# Given data
------------------------

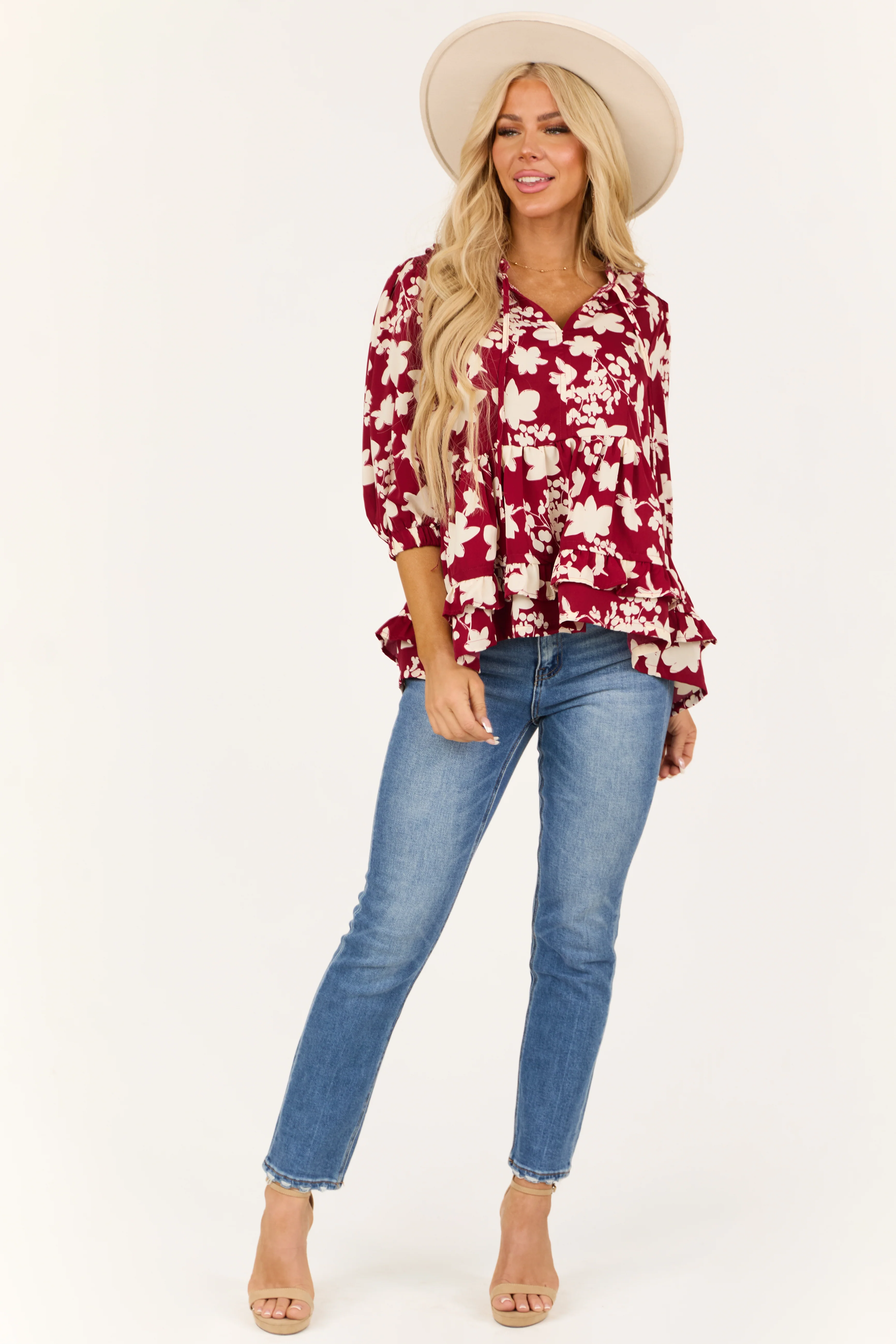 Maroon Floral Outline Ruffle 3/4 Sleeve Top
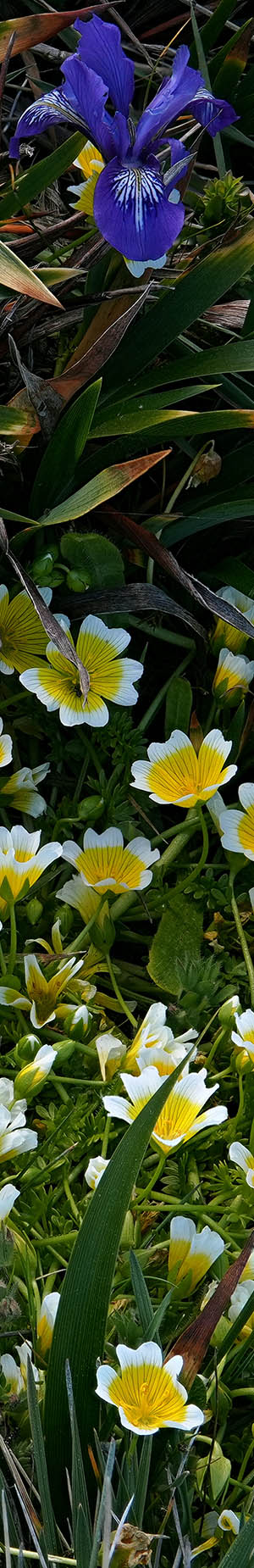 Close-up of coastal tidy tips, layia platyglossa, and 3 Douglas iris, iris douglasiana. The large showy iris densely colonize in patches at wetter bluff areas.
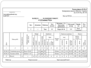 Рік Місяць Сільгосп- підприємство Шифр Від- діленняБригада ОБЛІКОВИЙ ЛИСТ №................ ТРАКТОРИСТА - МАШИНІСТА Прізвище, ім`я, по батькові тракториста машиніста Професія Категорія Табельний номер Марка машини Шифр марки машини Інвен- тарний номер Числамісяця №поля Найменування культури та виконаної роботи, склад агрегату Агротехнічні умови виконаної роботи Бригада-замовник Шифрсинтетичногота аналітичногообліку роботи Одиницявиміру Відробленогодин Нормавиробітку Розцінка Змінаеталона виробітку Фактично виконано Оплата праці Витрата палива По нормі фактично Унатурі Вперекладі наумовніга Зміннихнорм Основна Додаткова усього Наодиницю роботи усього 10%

------------------------

# Exercise brief
With the images removed, reproduce all the material above word for word.

# Written solution
 Maroon Floral Outline Ruffle 3/4 Sleeve Top
 Close-up of coastal tidy tips, layia platyglossa, and 3 Douglas iris, iris douglasiana. The large showy iris densely colonize in patches at wetter bluff areas.
 Рік Місяць Сільгосп- підприємство Шифр Від- діленняБригада ОБЛІКОВИЙ ЛИСТ №................ ТРАКТОРИСТА - МАШИНІСТА Прізвище, ім`я, по батькові тракториста машиніста Професія Категорія Табельний номер Марка машини Шифр марки машини Інвен- тарний номер Числамісяця №поля Найменування культури та виконаної роботи, склад агрегату Агротехнічні умови виконаної роботи Бригада-замовник Шифрсинтетичногота аналітичногообліку роботи Одиницявиміру Відробленогодин Нормавиробітку Розцінка Змінаеталона виробітку Фактично виконано Оплата праці Витрата палива По нормі фактично Унатурі Вперекладі наумовніга Зміннихнорм Основна Додаткова усього Наодиницю роботи усього 10%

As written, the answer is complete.